• _WORK REQUIRED_
Extract every record, exactly as written, and ignore the pictures.

===

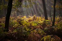 Over ‘Open plek in het donkere bos met zonlicht in stralend op de varens’ van Fotografiecor .nl
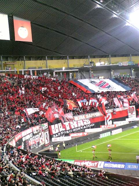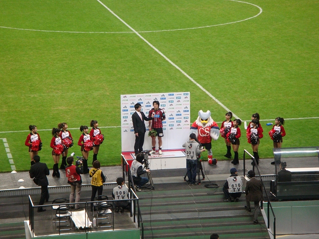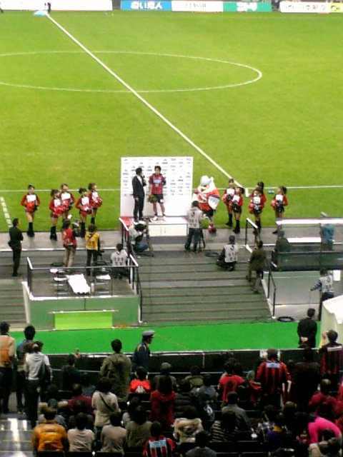 ライブ見て、前回もらい忘れたスカパーの小冊子とシールもらって、塚本選手の募金したらもうやることなくなっちゃったので、今回はアエーB自由席でまったりビールを飲みつつ、試合前の時間を過ごしてみた。今までいろんなところに座ったけど、ドームで見るサッカーはどこから見ても見やすいなぁと思う。
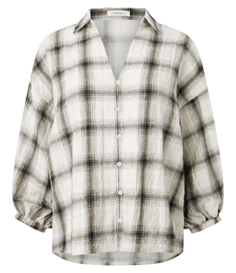 Para um toque mais formal, você pode trocar o tênis por um mocassim ou sapatilha elegante, e a camisa xadrez por um blazer de corte reto em tom neutro. Os brincos de argola podem ser substituídos por um colar mais discreto.
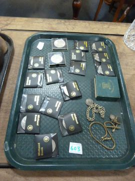 Tray of Commemorative coins etc
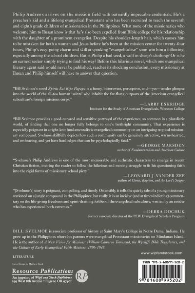 Philip Andrews arrives on the mission field with outwardly impeccable credentials. He's a preacher's kid and a lifelong evangelical Protestant who has been recruited to teach the seventh and eighth grade children of missionaries in the Philippines. What none of the missionaries who welcome him to Ilusan know is that he's also been expelled from Bible college for his relationship with the daughter of a prominent evangelist. Despite his shoulder-length hair, which causes him to be mistaken for both a woman and Jesus before he's been at the mission center for twenty-four hours, Philip's easy-going charm and skill at speaking "evangelicalese" soon win him a following, especially among the school children. But is Philip a bad seed, a wolf in sheep's clothing? Or is he an earnest seeker simply trying to find his way? Before this hilarious novel, which one evangelical literary agent said would never be published, reaches its shocking conclusion, every missionary at Ilusan and Philip himself will have to answer that question.
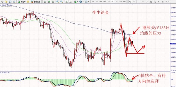 金评:今日金价开盘1596美元,昨天金价走势与我们金评中分析的完全一致,早盘跳空高开并没有带动多头买盘更进,而是进行了回补跳空的缺口,美盘最低触及日线布林带中轨1582美元,一度以高开走势引爆本周市场的金价昨天还是草草了事,昨天早盘的跳空也仅仅是昙花一现,整日维持一个慢跌形态。日线的跳空高开可谓给予多头无限信心,但昨天博客中我们就讲到,日内需回补缺口,方向先跌后涨,可能很多看多的投资者可惜好景不长,昙花一现,在最低下探1582之后,整日跌幅达到了25美金之多,即时尾盘奋力反弹也无济于事,最终日线一根光头大阴赫然醒目,目前从形态来看,价格维持在BOLL中轨之上运行,这对于多头无疑是一个较强支撑,但收盘于短期均线5日向下死叉10日均线的之下关键位置,多头有一种有力使不出来的感觉,加上30均线又向上勾头,在日线的均线系统之上我们看到的是一个区间震荡的格局,预计在短期之内这种震荡修复还将继续,大区间的整理时间周期可能延续到本周结束,其附图指标MACD在低位金叉也出现缩量,如不能有效突破0轴继续放量,这种震荡走势恐将演变成为不断下探支撑,短期内上方关注1600和1620,下方则是1580一线的中轨支撑;从4小时图来看,目前金价一直运行在布林带中轨下方,日内还将有再次探底的需求,MACD在0轴下方粘合,1小时重点关注上方半年线位置1606美元压力,日内只要没有突破此位,主要以逢高做空为主。但大的区间不过分看空,以1623—1560本周区间震荡对待。具体建议李生将在博中即时直播!
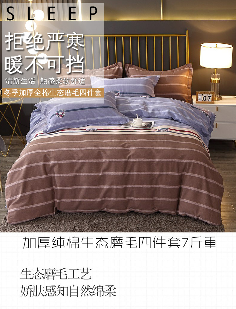商品名称:总-2024新款风尚系多规格全棉生态磨毛四件套印花纯棉磨毛四件套三件套
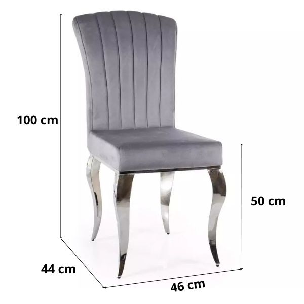 Construcția robustă, cu picioare cromate lucioase, îi asigură stabilitate și durabilitate, conferindu-i în același timp scaunului un aspect exclusivist.
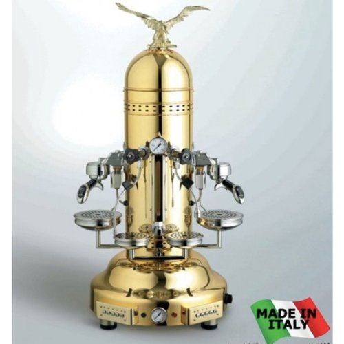 This model is a faithful replica of the Belle Epoque period, the body is handmade with first choice materials. The Eagle model is available in gold brass. The performance of this volumetric espresso machine and the looks.... simply stunning!
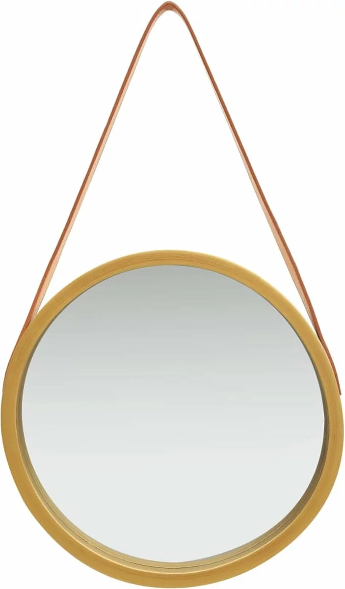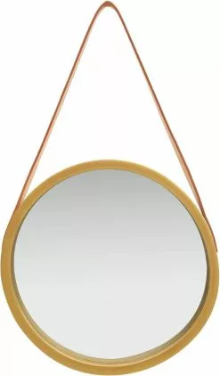 Deze trendy hangende spiegel geeft moderne interieurs een vintage vleugje. De grote, ronde spiegel is omlijst door duurzaam, natuurlijk paulowniahout en kan worden opgehangen aan de gladde, zacht aanvoelende kunstleren band. Dankzij de band kan je de spiegel op elke gewenste hoogte hangen, waardoor hij dus zeer flexibel is.
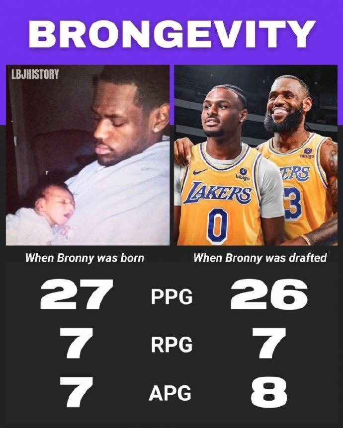 当布朗尼-詹姆斯出生时(2004年),勒布朗场均能拿到27+7+7;而当布朗尼已经参加选秀并进入NBA后,勒布朗场均依然能得到26+7+8。

===

• _RESULT BELOW_
 Over ‘Open plek in het donkere bos met zonlicht in stralend op de varens’ van Fotografiecor .nl
 ライブ見て、前回もらい忘れたスカパーの小冊子とシールもらって、塚本選手の募金したらもうやることなくなっちゃったので、今回はアエーB自由席でまったりビールを飲みつつ、試合前の時間を過ごしてみた。今までいろんなところに座ったけど、ドームで見るサッカーはどこから見ても見やすいなぁと思う。
 Para um toque mais formal, você pode trocar o tênis por um mocassim ou sapatilha elegante, e a camisa xadrez por um blazer de corte reto em tom neutro. Os brincos de argola podem ser substituídos por um colar mais discreto.
 Tray of Commemorative coins etc
 Philip Andrews arrives on the mission field with outwardly impeccable credentials. He's a preacher's kid and a lifelong evangelical Protestant who has been recruited to teach the seventh and eighth grade children of missionaries in the Philippines. What none of the missionaries who welcome him to Ilusan know is that he's also been expelled from Bible college for his relationship with the daughter of a prominent evangelist. Despite his shoulder-length hair, which causes him to be mistaken for both a woman and Jesus before he's been at the mission center for twenty-four hours, Philip's easy-going charm and skill at speaking "evangelicalese" soon win him a following, especially among the school children. But is Philip a bad seed, a wolf in sheep's clothing? Or is he an earnest seeker simply trying to find his way? Before this hilarious novel, which one evangelical literary agent said would never be published, reaches its shocking conclusion, every missionary at Ilusan and Philip himself will have to answer that question.
 金评:今日金价开盘1596美元,昨天金价走势与我们金评中分析的完全一致,早盘跳空高开并没有带动多头买盘更进,而是进行了回补跳空的缺口,美盘最低触及日线布林带中轨1582美元,一度以高开走势引爆本周市场的金价昨天还是草草了事,昨天早盘的跳空也仅仅是昙花一现,整日维持一个慢跌形态。日线的跳空高开可谓给予多头无限信心,但昨天博客中我们就讲到,日内需回补缺口,方向先跌后涨,可能很多看多的投资者可惜好景不长,昙花一现,在最低下探1582之后,整日跌幅达到了25美金之多,即时尾盘奋力反弹也无济于事,最终日线一根光头大阴赫然醒目,目前从形态来看,价格维持在BOLL中轨之上运行,这对于多头无疑是一个较强支撑,但收盘于短期均线5日向下死叉10日均线的之下关键位置,多头有一种有力使不出来的感觉,加上30均线又向上勾头,在日线的均线系统之上我们看到的是一个区间震荡的格局,预计在短期之内这种震荡修复还将继续,大区间的整理时间周期可能延续到本周结束,其附图指标MACD在低位金叉也出现缩量,如不能有效突破0轴继续放量,这种震荡走势恐将演变成为不断下探支撑,短期内上方关注1600和1620,下方则是1580一线的中轨支撑;从4小时图来看,目前金价一直运行在布林带中轨下方,日内还将有再次探底的需求,MACD在0轴下方粘合,1小时重点关注上方半年线位置1606美元压力,日内只要没有突破此位,主要以逢高做空为主。但大的区间不过分看空,以1623—1560本周区间震荡对待。具体建议李生将在博中即时直播!
商品名称:总-2024新款风尚系多规格全棉生态磨毛四件套印花纯棉磨毛四件套三件套
 Construcția robustă, cu picioare cromate lucioase, îi asigură stabilitate și durabilitate, conferindu-i în același timp scaunului un aspect exclusivist.
 This model is a faithful replica of the Belle Epoque period, the body is handmade with first choice materials. The Eagle model is available in gold brass. The performance of this volumetric espresso machine and the looks.... simply stunning!
 Deze trendy hangende spiegel geeft moderne interieurs een vintage vleugje. De grote, ronde spiegel is omlijst door duurzaam, natuurlijk paulowniahout en kan worden opgehangen aan de gladde, zacht aanvoelende kunstleren band. Dankzij de band kan je de spiegel op elke gewenste hoogte hangen, waardoor hij dus zeer flexibel is.
 当布朗尼-詹姆斯出生时(2004年),勒布朗场均能拿到27+7+7;而当布朗尼已经参加选秀并进入NBA后,勒布朗场均依然能得到26+7+8。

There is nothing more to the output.